When reviewing a converted document, focus on these areas:

**Structure**
- Does the heading hierarchy make sense? H1 should be the document title, H2s should be major sections, and so on
- Are sections in the correct order?
- Do lists have the right nesting?

**Content Accuracy**
- Is the text faithful to the original? Look for OCR errors (character substitutions, missing words)
- Are numbers, dates, and proper nouns correct?
- Are footnotes in the right place and correctly numbered?

**Tables**
- Do tables have header rows identified?
- Are cells aligned with the correct headers?
- For complex tables (merged cells, multi-level headers), verify the structure manually

**Images**
- Do informational images have descriptive alt text?
- Is the alt text accurate — does it convey the same information as the image?
- Are decorative images (logos, dividers) appropriately left without alt text?

**Formatting**
- Are hyperlinks clickable (not just plain text URLs)?
- Is emphasis (bold, italic) preserved where it carries meaning?
- Are code blocks properly identified and formatted?
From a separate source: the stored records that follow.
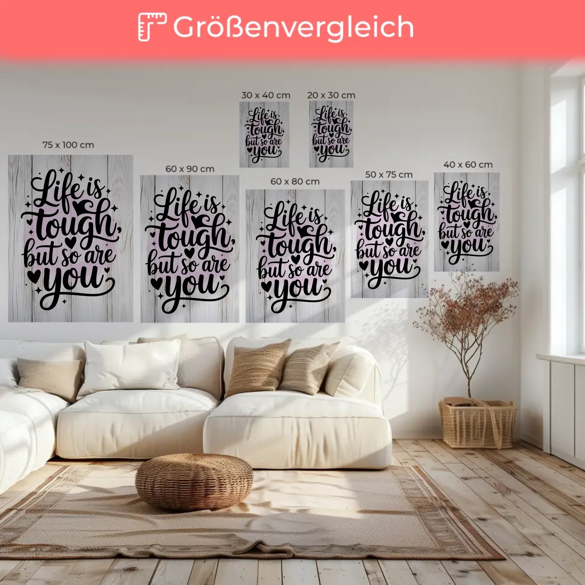 Entdecke die perfekte Möglichkeit, Deine Motivationssprüche in Form einer einzigartigen Leinwand zum Leben zu erwecken! Unsere personalisierte Leinwand Spruch 'Life is tough but so are you' ist nicht nur ein inspirierendes Wanddekoration, sondern auch ein kraftvolles Geschenk für jeden Anlass. Du kannst das Hintergrundbild ganz nach Deinen Wünschen anpassen und somit eine Leinwand mit Spruch selbst gestalten, die Deine persönliche Note trägt.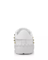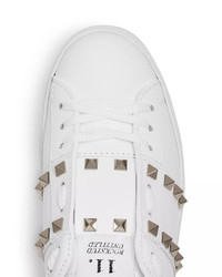 SIZE & FIT - Elegant. Feminine. Glamorous. Founded in 1960 by Valentino Garavani and Giancarlo Giammetti, Valentino Garavani is one of the most coveted design houses in the world. - Beloved for its head-turning red-carpet creations, the maison represents the pinnacle of Italian style. - Under the creative direction of Pierpaolo Piccioli, talented artisans craft the brand’s exceptional shoes and handbags in sumptuous leathers with iconic Rock Studs—signature elements of the legendary brand. PRODUCT DETAILS - Fits small, order a half size up - Padded collar for optimal comfort - Lace up - Signature pyramid stud details at tongue and sides - Embossed pyramid stud details at heel - Logo at tongue - Leather upper and lining, rubber sole - Made in Italy Web ID: 3472747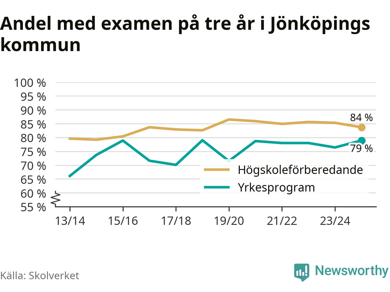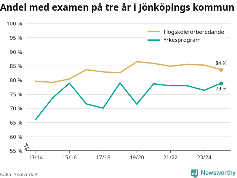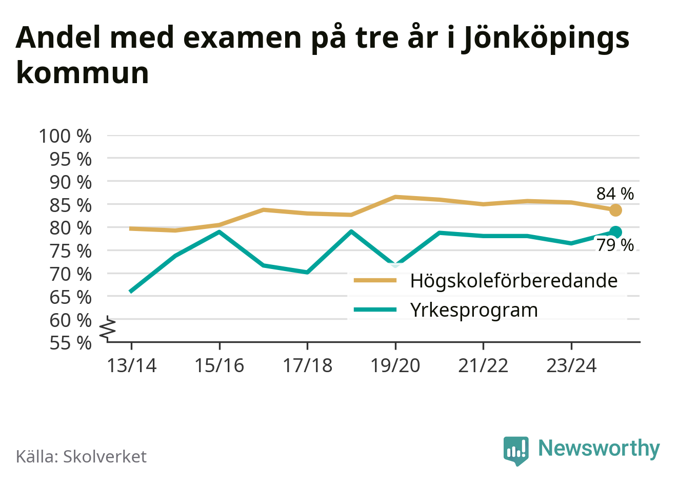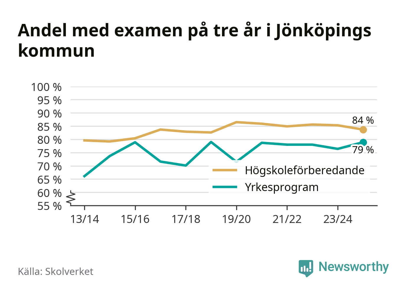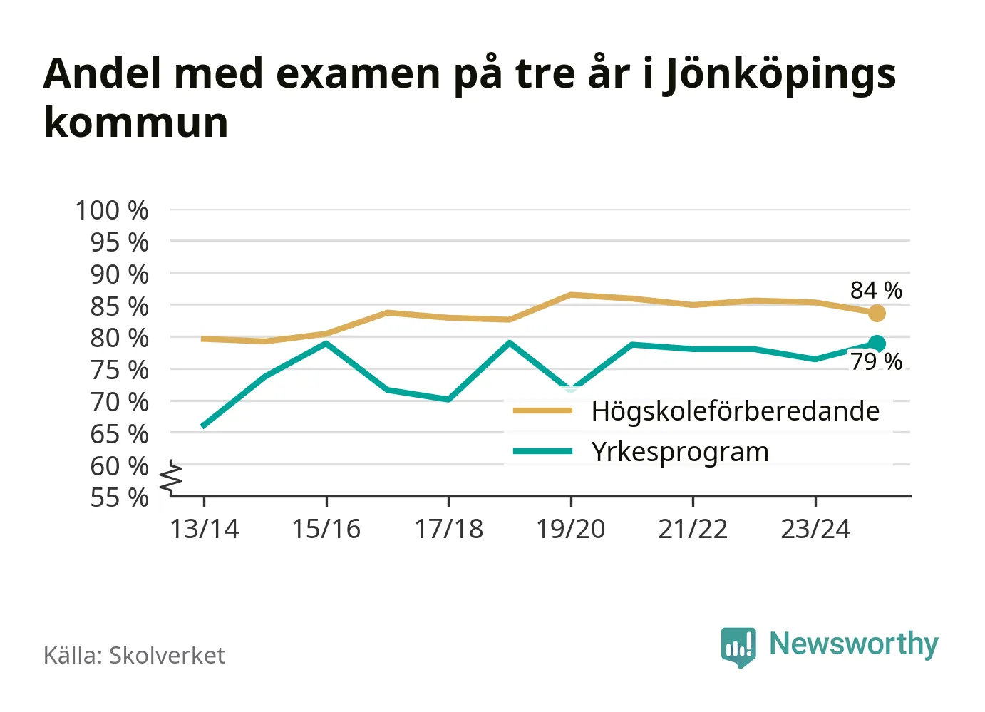 Bland deras kamrater på högskoleförberedande program hade 84 procent klarat examen på tre år – vilket är en procentenhet mindre än året innan. Det är för övrigt den lägsta andelen sedan kullen som tog studenten läsåret 2018/19.

### Quality by Document Type

Some document types convert better than others:

| Document Type | Typical Quality | Common Issues |
|---------------|----------------|---------------|
| Syllabi and course materials | High | Occasional heading level disagreements |
| Policy documents | High | Complex nested numbering schemes |
| Letters and memos | High | Letterhead content may be over-described |
| Academic chapters | Medium | Footnote ordering, reading order in multi-column layouts |
| Presentations (slides) | Medium | Slide boundaries, text embedded in images |
| Infographics and posters | Lower | Spatial relationships lost when linearized |
| Brochures with complex layouts | Lower | Multi-column reading order confusion |

## Known Limitations

The system is designed for **course materials** — syllabi, academic papers, policy documents, presentations, and similar content. The following document types are outside the current scope and may produce lower-quality results:

- **Scanned multi-column academic chapters** — reading order detection across columns is unreliable for scanned documents
- **Heavy infographics** — spatial relationships (flow diagrams, organizational charts) are lost when linearized to text
- **Mathematical equations** — complex LaTeX formulas are not fully supported
- **Bilingual scanned documents** — OCR quality degrades significantly with mixed-language scanned content
- **Documents over 40 pages** — the system processes them, but quality and cost scale with complexity

When the pipeline detects a document type it handles poorly, it emits **warnings** in the response. These warnings appear in both the API response and the viewer interface.

## Providing Feedback

If you find an issue in a converted document, see the [Providing Feedback](providing-feedback.md) guide for how to report issues and suggest corrections through the WordPress plugin.